Start of Source material
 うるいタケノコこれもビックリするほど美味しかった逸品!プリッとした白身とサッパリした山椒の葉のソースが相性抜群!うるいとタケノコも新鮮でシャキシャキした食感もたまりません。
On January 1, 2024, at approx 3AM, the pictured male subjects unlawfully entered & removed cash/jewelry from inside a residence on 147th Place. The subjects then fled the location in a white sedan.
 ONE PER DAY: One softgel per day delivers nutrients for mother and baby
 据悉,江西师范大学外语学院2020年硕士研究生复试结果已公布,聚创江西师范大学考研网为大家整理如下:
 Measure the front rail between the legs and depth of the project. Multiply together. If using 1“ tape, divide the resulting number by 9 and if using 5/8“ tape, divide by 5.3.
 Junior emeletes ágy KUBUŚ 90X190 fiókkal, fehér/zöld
End of Source material
Start of Source material
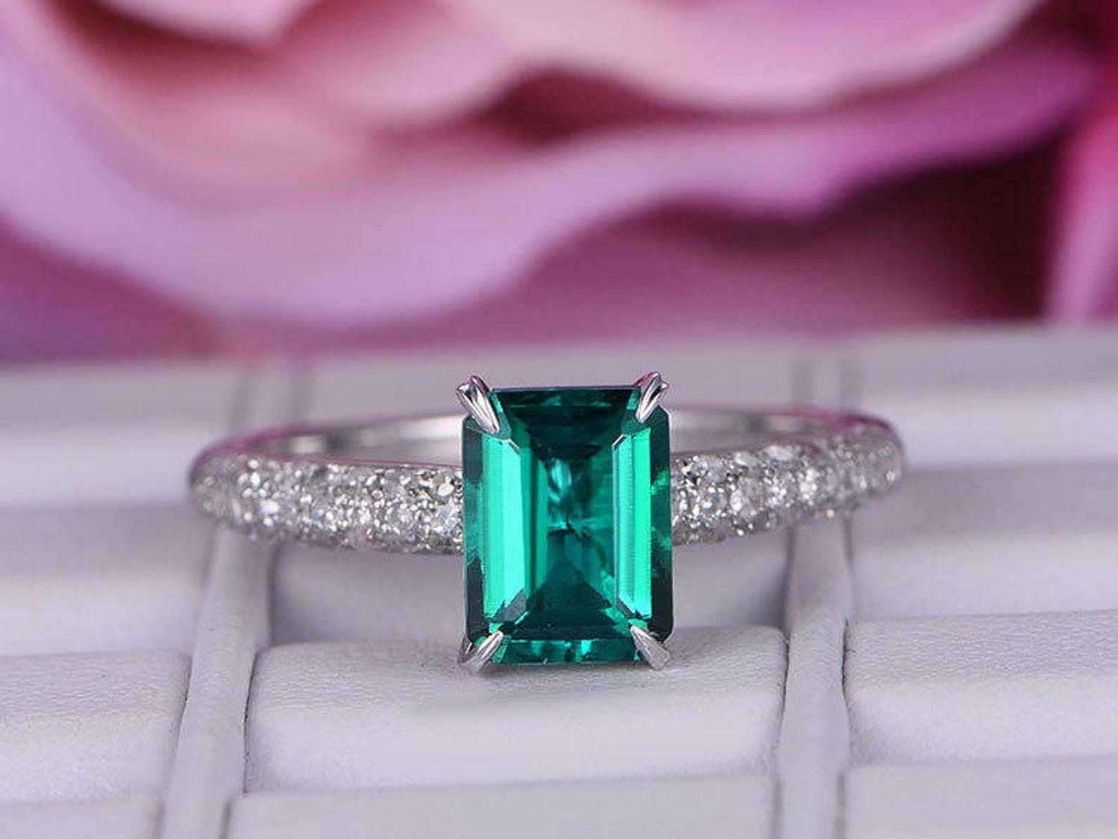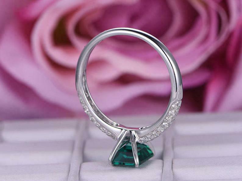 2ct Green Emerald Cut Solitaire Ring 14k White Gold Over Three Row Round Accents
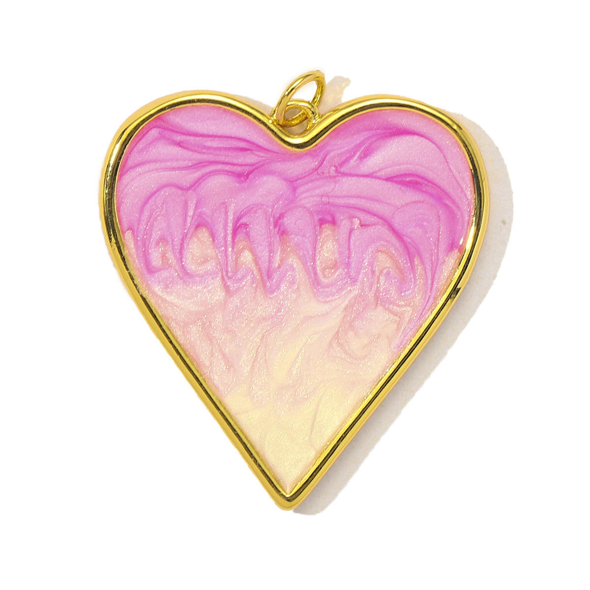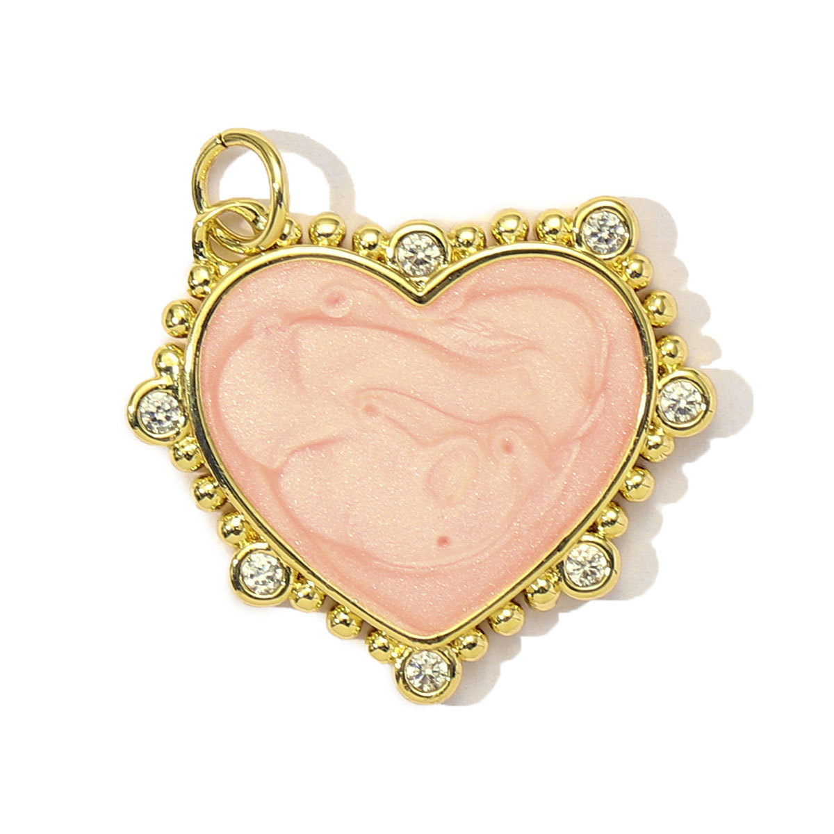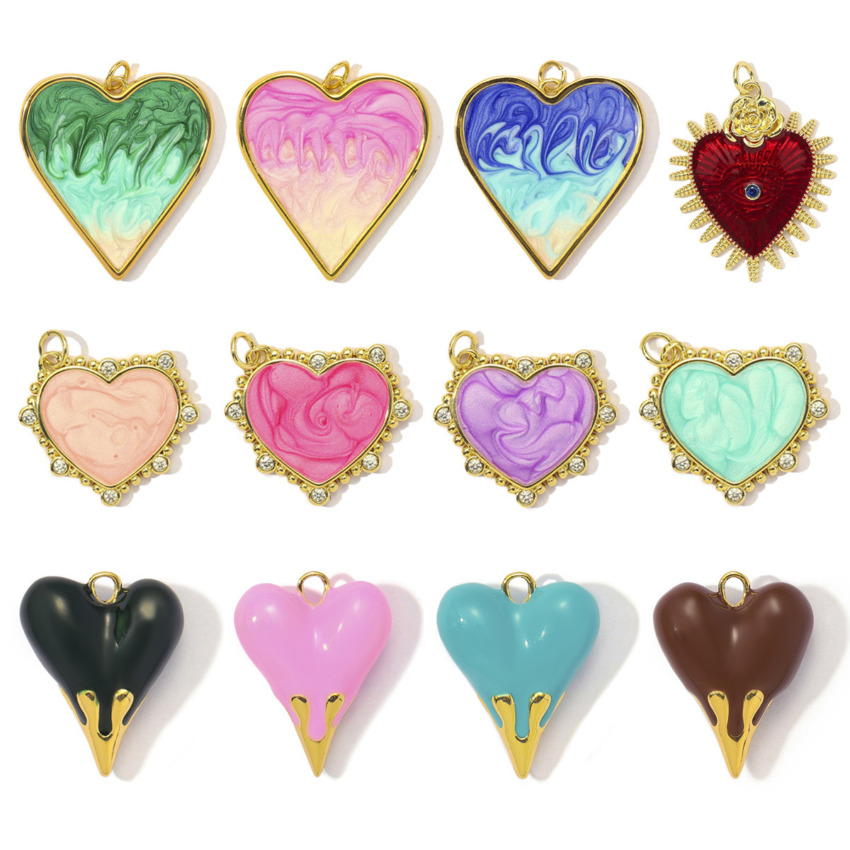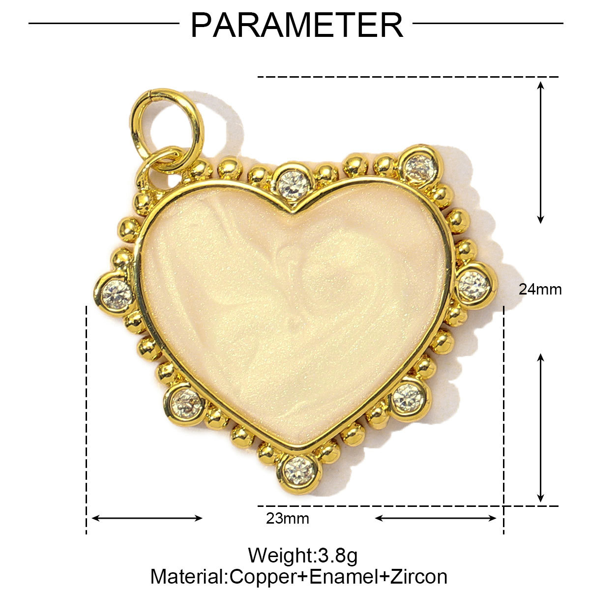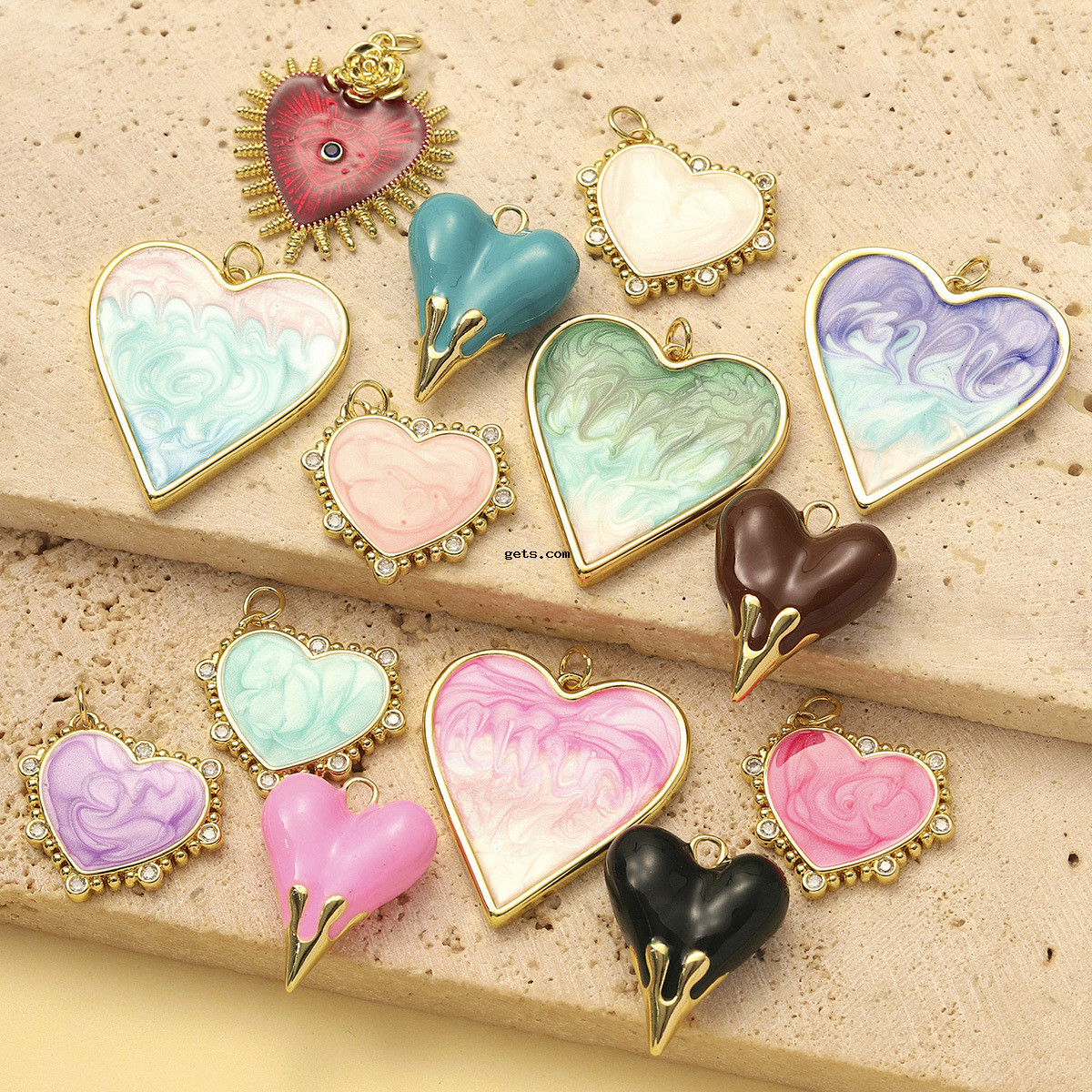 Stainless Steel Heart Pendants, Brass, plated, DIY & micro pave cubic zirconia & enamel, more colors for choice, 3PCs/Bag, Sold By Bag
End of Source material
Task item
Give again exactly, and only, the lines above starting at the one with "うるいタケノコこれもビックリ" and ending at the one with "Junior emeletes ágy".

Output for this task
 うるいタケノコこれもビックリするほど美味しかった逸品!プリッとした白身とサッパリした山椒の葉のソースが相性抜群!うるいとタケノコも新鮮でシャキシャキした食感もたまりません。
On January 1, 2024, at approx 3AM, the pictured male subjects unlawfully entered & removed cash/jewelry from inside a residence on 147th Place. The subjects then fled the location in a white sedan.
 ONE PER DAY: One softgel per day delivers nutrients for mother and baby
 据悉,江西师范大学外语学院2020年硕士研究生复试结果已公布,聚创江西师范大学考研网为大家整理如下:
 Measure the front rail between the legs and depth of the project. Multiply together. If using 1“ tape, divide the resulting number by 9 and if using 5/8“ tape, divide by 5.3.
 Junior emeletes ágy KUBUŚ 90X190 fiókkal, fehér/zöld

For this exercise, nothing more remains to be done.